For seven decades, Topps has been the definitive name in baseball cards. And a new Fanatics deal brings it all to an end.
What a crazy week for the sports trading card market. First, eBay suspended PWCC from its platform over alleged prohibited practices. Now, Major League Baseball’s players union (and potentially the league itself) is poised to move on from Topps — MLB’s trading card partner of 70 years — in favor of something new.
Soon, for the first time since 1951, Topps will not be baseball’s official trading card brand. Their current deal with the league runs through 2025, at which apparel and memorabilia giant Fanatics would reportedly take over, per Jared Diamond of The Wall Street Journal.
This news comes as a huge surprise to not just baseball collectors, but the entire sports industry. It would mark the end of an era that stretches all the way back to when a 20-year-old Mickey Mantle embarked on just his second season in the bigs.
Back in April, Topps announced plans to go public through a SPAC merger with Mudrick Capital Acquisition Corp. II ($MUDS), with the longtime trading card titan valued at $1.3 billion. After today’s news, Topps will certainly be reevaluated. Critically, the company still has licensing rights to the NHL, UEFA Champions League, Bundesliga, MLS, and various non-sport properties.
But above all else, Topps has always evoked the history and pageantry of baseball — and it’s all poised to come to a close.

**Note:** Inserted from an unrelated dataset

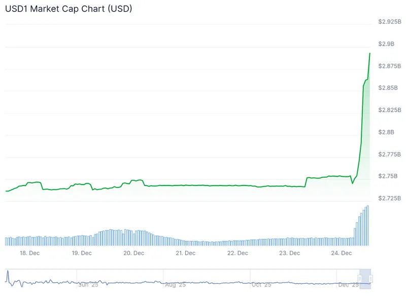 币安推出的"助推计划"使得该稳定币市值从27.4亿美元上升至28.9亿美元。该计划为超过5万美元的USD1灵活产品存款提供高达20%的年化收益率(APR)。

Fanatics reportedly plans to create a new subsidiary that will produce MLB- and MLBPA-licensed trading cards. They’re expected to give MLB and MLBPA equity in that new entity.
And that’s far from the whole story.
As Evan Drellich of The Athletic was first to report, Fanatics has similar plans for deals with the NFLPA and NBPA, as well as the respective leagues themselves — a scoop that was later confirmed by WSJ’s Diamond.
Thursday’s news builds upon the relationship Fanatics, the MLB, and the MLBPA have been forging over the last few years. Fanatics already owns the e-commerce rights to Major League Baseball merchandise. Candy Digital, which is co-owned by Fanatics, holds NFT rights for the league.
Notably, this move figures to mean big changes for Panini as well. The company not only releases exclusive parallels for various products under the Fanatics umbrella, but has its own line of baseball cards products as well. Panini currently has a deal in place with the MLBPA but specifically not the MLB, so their cards do not include team logos and marks.
Both the league and the players union choosing Fanatics as an exclusive partner flips the script for Panini significantly.
Much remains up in the air, but the fact remains that Topps’ current baseball deal comes to a close in 2025. Will the brand capitalize on the closing relationship by upping its production? If this iconic name is really exiting the baseball card stage, fans can only hope that they do so with a bang that sounds something like the crack of the bat of a home run by The Mick.